Using the data below, print exactly the line with "9. Поливаем нашей", the line with "ក្រសួងរ៉ែ និងថាមពល អនុញ្ញាតផ្ដល់កូតា៣០មេហ្កាវ៉ាត់", and every line between them, but none of the pictures.

══ DATASET RECORDS ══

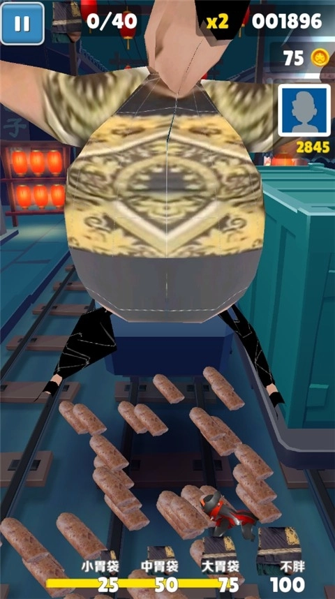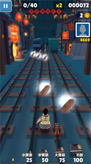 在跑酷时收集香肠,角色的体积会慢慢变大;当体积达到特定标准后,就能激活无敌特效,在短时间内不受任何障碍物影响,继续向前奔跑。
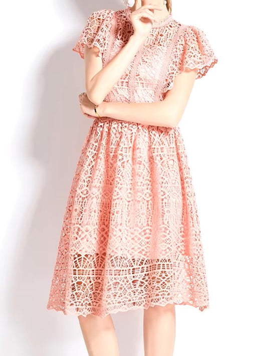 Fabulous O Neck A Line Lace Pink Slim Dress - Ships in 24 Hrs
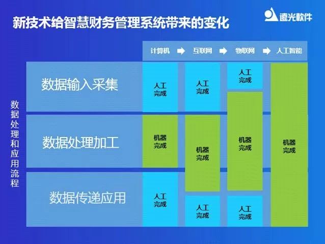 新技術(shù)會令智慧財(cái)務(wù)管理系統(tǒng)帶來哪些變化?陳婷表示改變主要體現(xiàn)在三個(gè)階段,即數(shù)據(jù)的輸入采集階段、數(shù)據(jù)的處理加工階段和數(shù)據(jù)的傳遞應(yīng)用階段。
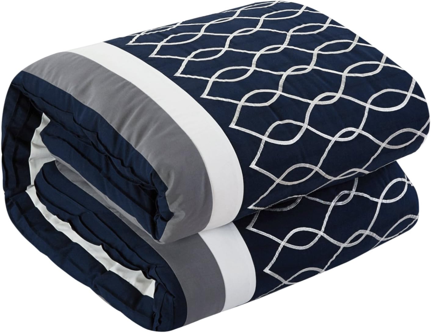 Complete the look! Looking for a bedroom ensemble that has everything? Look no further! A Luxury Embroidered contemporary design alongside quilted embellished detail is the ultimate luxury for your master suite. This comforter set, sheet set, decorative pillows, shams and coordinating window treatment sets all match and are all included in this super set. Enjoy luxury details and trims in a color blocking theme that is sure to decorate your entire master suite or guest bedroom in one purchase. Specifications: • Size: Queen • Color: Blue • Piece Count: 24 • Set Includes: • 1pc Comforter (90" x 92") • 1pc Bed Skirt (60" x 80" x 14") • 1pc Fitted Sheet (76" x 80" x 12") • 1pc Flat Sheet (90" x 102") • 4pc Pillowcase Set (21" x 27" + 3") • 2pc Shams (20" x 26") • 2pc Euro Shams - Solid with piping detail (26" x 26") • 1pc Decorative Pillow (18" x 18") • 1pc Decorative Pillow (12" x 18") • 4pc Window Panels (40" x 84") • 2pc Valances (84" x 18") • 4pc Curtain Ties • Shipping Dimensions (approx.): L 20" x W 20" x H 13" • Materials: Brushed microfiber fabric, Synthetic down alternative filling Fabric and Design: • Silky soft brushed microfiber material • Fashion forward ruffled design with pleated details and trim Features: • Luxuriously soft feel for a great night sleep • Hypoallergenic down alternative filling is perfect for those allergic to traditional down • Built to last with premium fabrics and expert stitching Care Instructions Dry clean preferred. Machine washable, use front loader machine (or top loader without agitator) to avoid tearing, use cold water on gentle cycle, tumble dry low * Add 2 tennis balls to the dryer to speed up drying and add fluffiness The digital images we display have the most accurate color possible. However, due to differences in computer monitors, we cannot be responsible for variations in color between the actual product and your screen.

═══
══ DATASET RECORDS ══

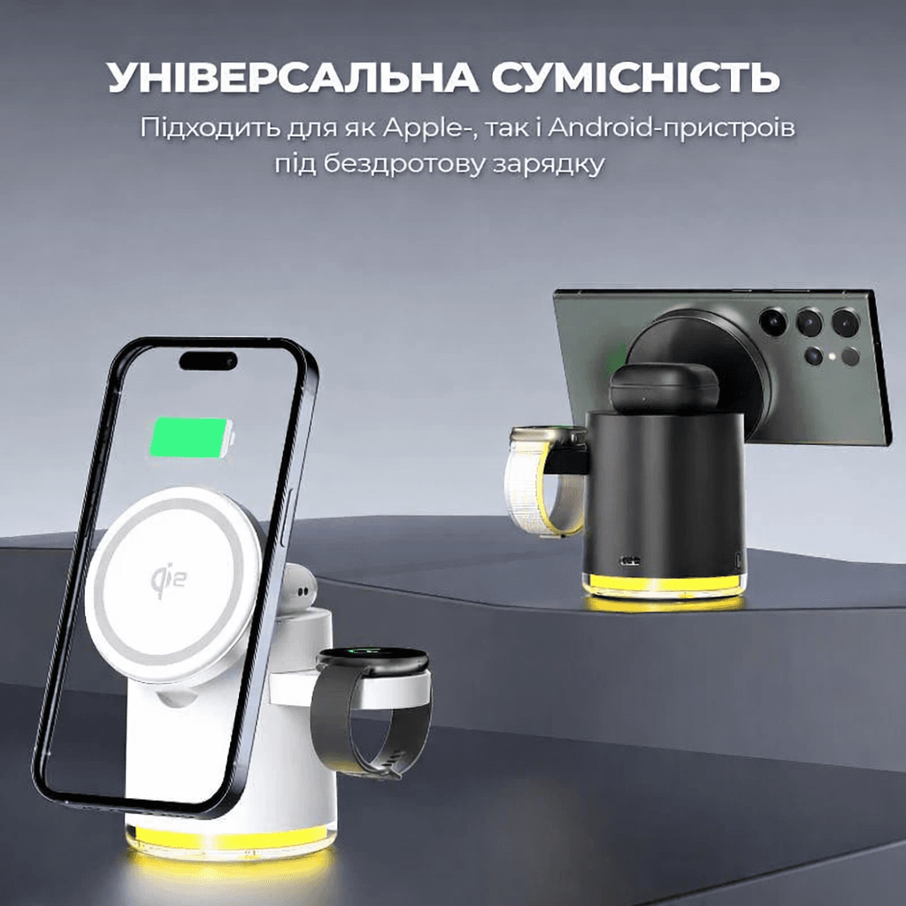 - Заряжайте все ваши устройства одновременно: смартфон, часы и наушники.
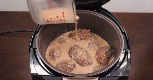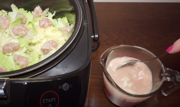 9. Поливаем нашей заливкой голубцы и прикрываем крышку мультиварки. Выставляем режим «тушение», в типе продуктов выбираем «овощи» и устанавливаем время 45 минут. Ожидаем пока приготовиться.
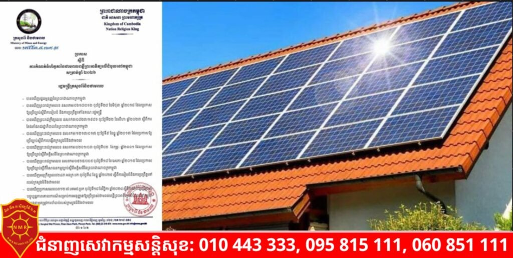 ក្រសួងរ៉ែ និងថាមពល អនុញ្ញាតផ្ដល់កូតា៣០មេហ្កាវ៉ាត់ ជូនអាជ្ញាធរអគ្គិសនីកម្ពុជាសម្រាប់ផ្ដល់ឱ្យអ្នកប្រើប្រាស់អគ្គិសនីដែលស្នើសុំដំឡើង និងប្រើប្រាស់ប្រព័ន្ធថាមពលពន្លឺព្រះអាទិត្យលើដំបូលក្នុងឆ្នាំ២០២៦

═══

▶ **TASK RESPONSE**:
 9. Поливаем нашей заливкой голубцы и прикрываем крышку мультиварки. Выставляем режим «тушение», в типе продуктов выбираем «овощи» и устанавливаем время 45 минут. Ожидаем пока приготовиться.
 ក្រសួងរ៉ែ និងថាមពល អនុញ្ញាតផ្ដល់កូតា៣០មេហ្កាវ៉ាត់ ជូនអាជ្ញាធរអគ្គិសនីកម្ពុជាសម្រាប់ផ្ដល់ឱ្យអ្នកប្រើប្រាស់អគ្គិសនីដែលស្នើសុំដំឡើង និងប្រើប្រាស់ប្រព័ន្ធថាមពលពន្លឺព្រះអាទិត្យលើដំបូលក្នុងឆ្នាំ២០២៦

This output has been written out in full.